14) Concurrency: this can happen on different levels: the search for alternatives can be done concurrently over different parts of the database; the validity of several alternatives can be checked concurrently; several queries can be done concurrently i.e. the engine can duplicated in different threads.
15) Duplicating the engine in several threads also means that it must be lightweight or reentrant.
16) There should be a minimal set of builtins representing functions that are commonly found in computer languages, theorem provers and query engines like: lists, mathemathical functions, strings, arrays and hashtables.
17) Existing theorem provers can be used using an API that permits a plugin to transform the standard database structure to the internal structure of the theorem prover. However, as detailed in the following texts, this is not an evident thing to do. As a matter of fact I argue that it is better to write new engines destined specifically for use in the Semantic Web.
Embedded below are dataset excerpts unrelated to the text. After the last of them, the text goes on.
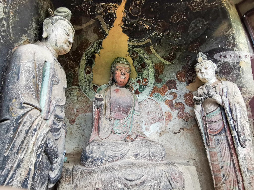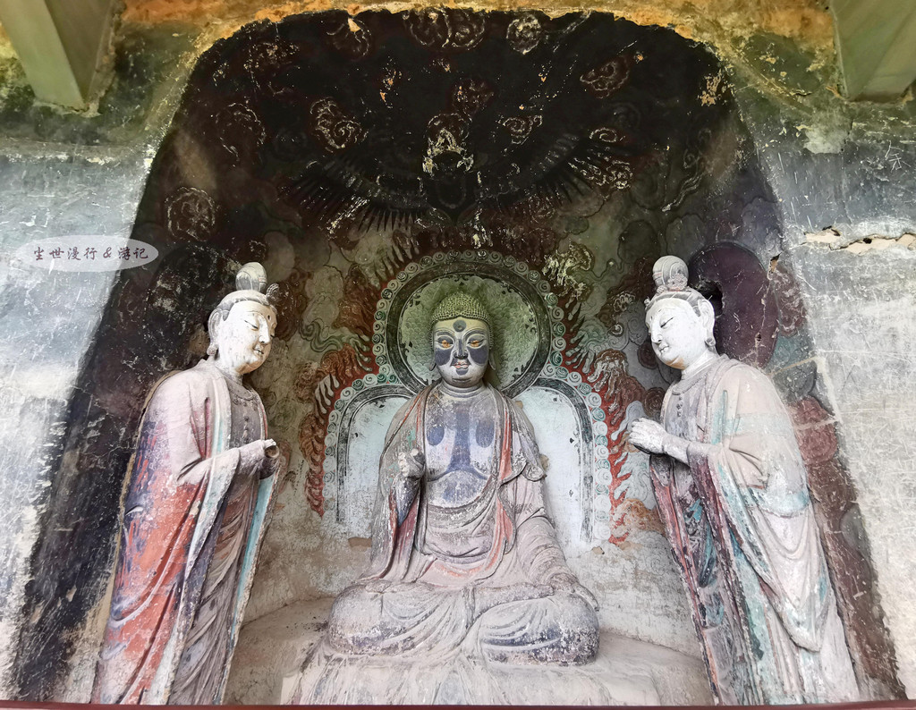 麦积山第13窟,俗称“东崖大佛”,位于东崖中部,摩崖高浮雕石胎泥塑,一佛二菩萨像,开凿于隋代,这是麦积山现存最大的一组石胎泥塑造像,在山下即清晰可见。
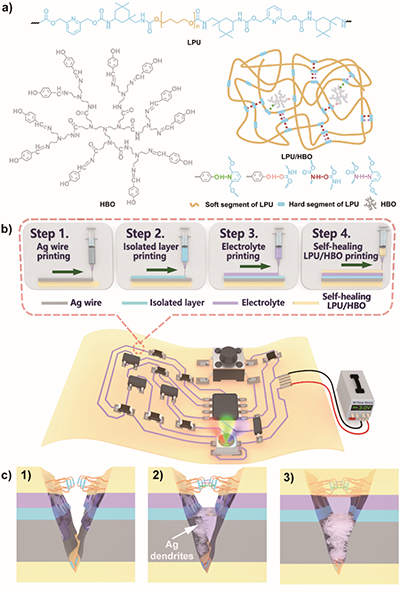 1. (a) 自修复LPU/HBO及其分子间氢键相互作用示意图。(b) 自修复PCBs的制备过程。(c) 金属线路和聚合物基底/封装层的修复机制示意图。
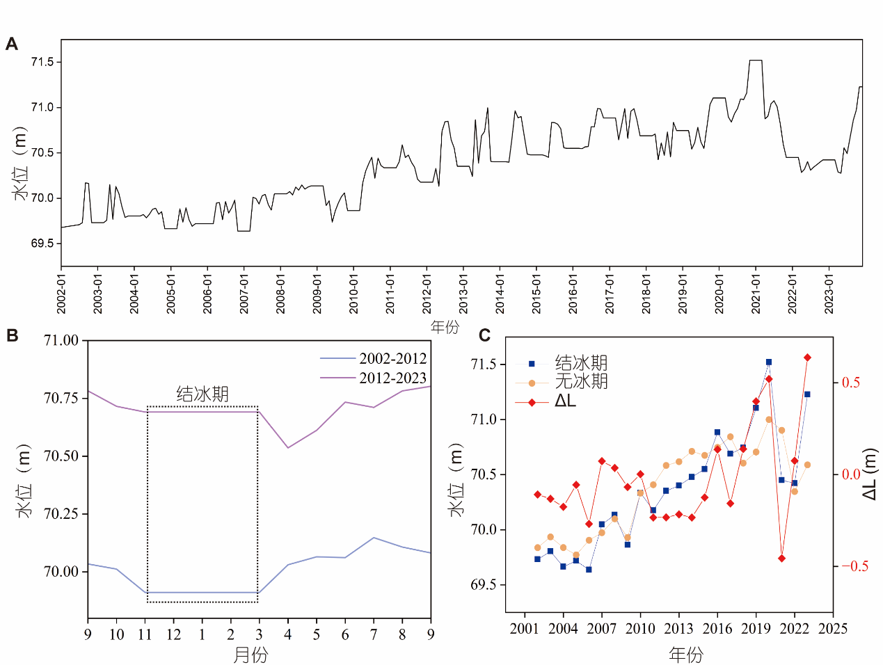 图1 兴凯湖水位变化趋势。(A)2002–2023年水位月变化;(B)2002–2012年及2012–2023年兴凯湖月均水位变化,虚线表示结冰期湖水位;(C)2002–2023年兴凯湖结冰期(11月至次年3月)与无冰期(4–10月)的年均水位变化,红色实线代表无冰期与结冰期水位差的年变化(前者减去后者)。
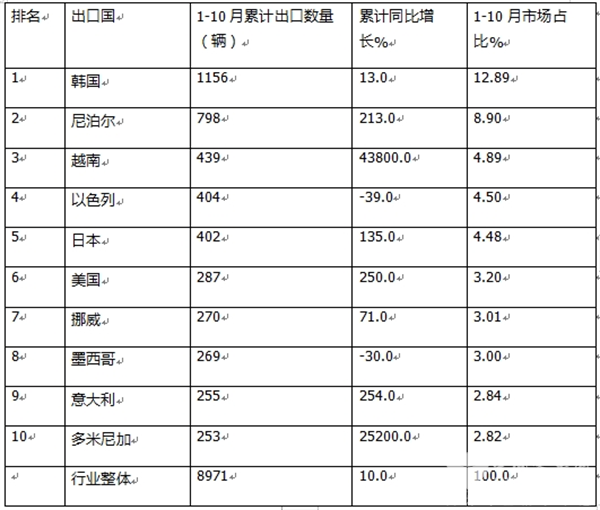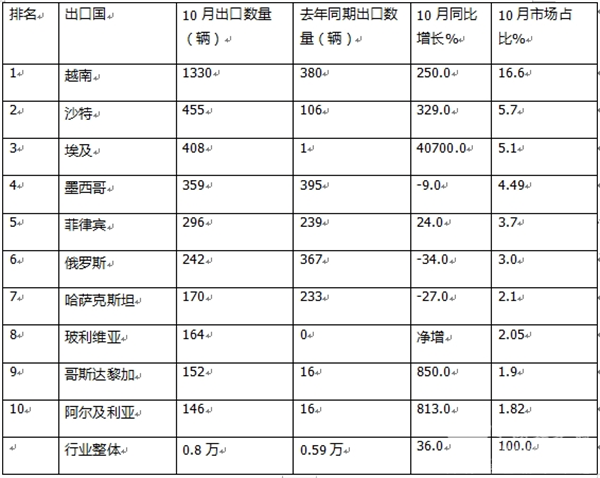 ---累计出口到越南5598辆,比第一名的沙特比较少1417辆,是今年1-10月进口我国客车数量第二多的国家,同比增长38%,跑赢客车出口大盘,市场占比8.61%,位居第二;
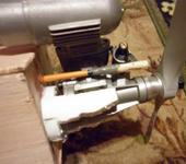 Да, по газовой машинке. Проще было пропустить через первый и второй шпангоут пластиковую трубочку, а машинку поставить в отсеке для аппаратуры. В трубочку пропустить гибкий витой стальной тросик 2 мм. Такой тросик облечит регулировку холостого хода, т.к. Ваша аппаратура видимо не позволяет корректировать конечные точки (END POINT). А сейчас газовая машинка будет мешать топливный бак ставить.
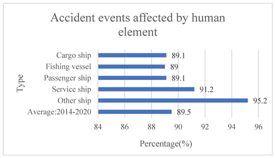 Despite this, among the factors that can cause maritime accidents, the human factor remains the dominant one. The annual overview report of marine casualties and incidents (2021) [8] released by the European Maritime Safety Agency (EMSA) indicates that 89.5% of safety issues are affected by the human element (Figure 1). This percentage is 89.1% for cargo and passenger ships is, while it is 89% for fishing vessels. Note that being affected by the human element does not mean that the human element is solely responsible for casualties or incidents but that it is present. Strictly speaking, maritime accidents are not caused by one factor but by a series of factors. However, only human factors are considered herein as the EMSA report reveals that the human element deeply impacts ships’ safety. Currently, the maritime industry is pushing to improve safety and efficiency [9], which may be another reason why the human element has recently come into focus.
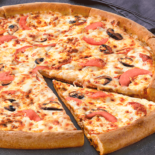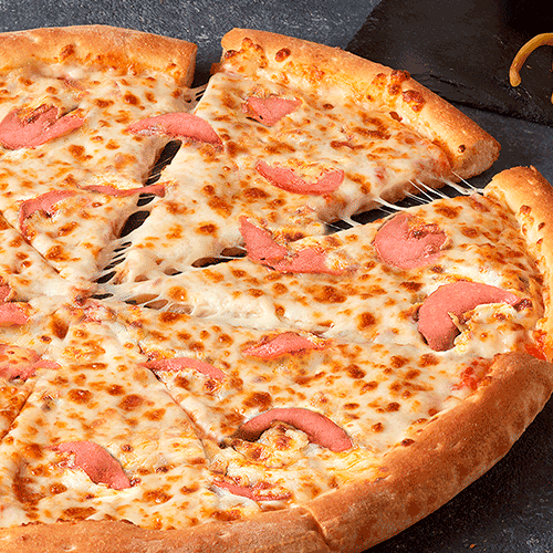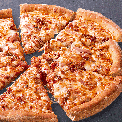 Pizza con jamón, tocino, sazonador italiano y 6 tipos de queso.
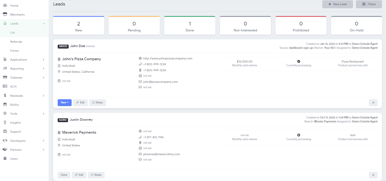 When viewing the lead list, if a user has permission, they may edit or change the status of current leads.
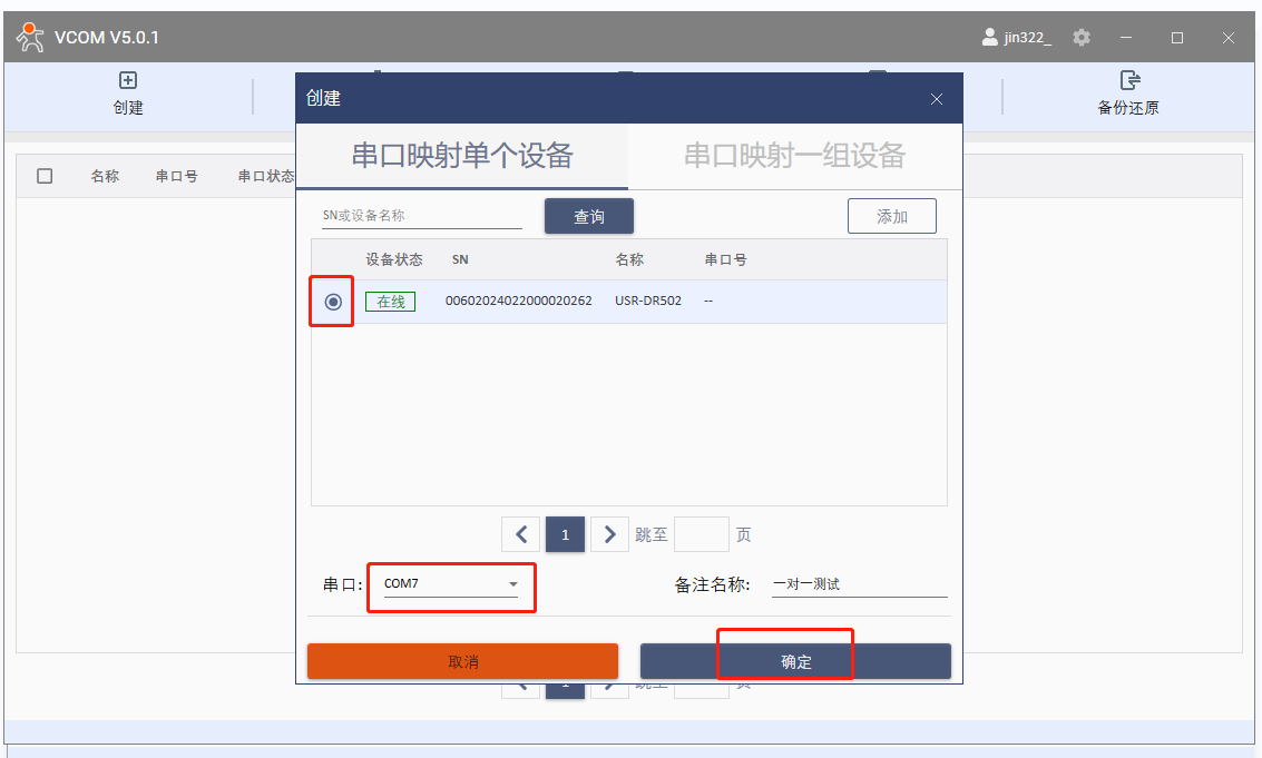 選擇串口映射單個(gè)設(shè)備,勾選在線的USR-DR502,用空閑的COM7作為虛擬串口的COM口號(hào),點(diǎn)擊確定。

18) FOL technologies are a possibility: resolution can be used; also Gentzen calculus or natural deduction could be used; CWM [SWAP] uses forward reasoning. This thesis will be based on a basic resolution engine. For more information on other logic techniques see a introductory handbook on logic e.g. [BENTHEM]. Other techniques such as graph based reasoning are also possible.
RDFEngine, the engine made for this thesis, is an experimental engine. It does not represent all of the characteristics mentionned above.
Fig.9.1. compares RDFEngine with the list of characteristics.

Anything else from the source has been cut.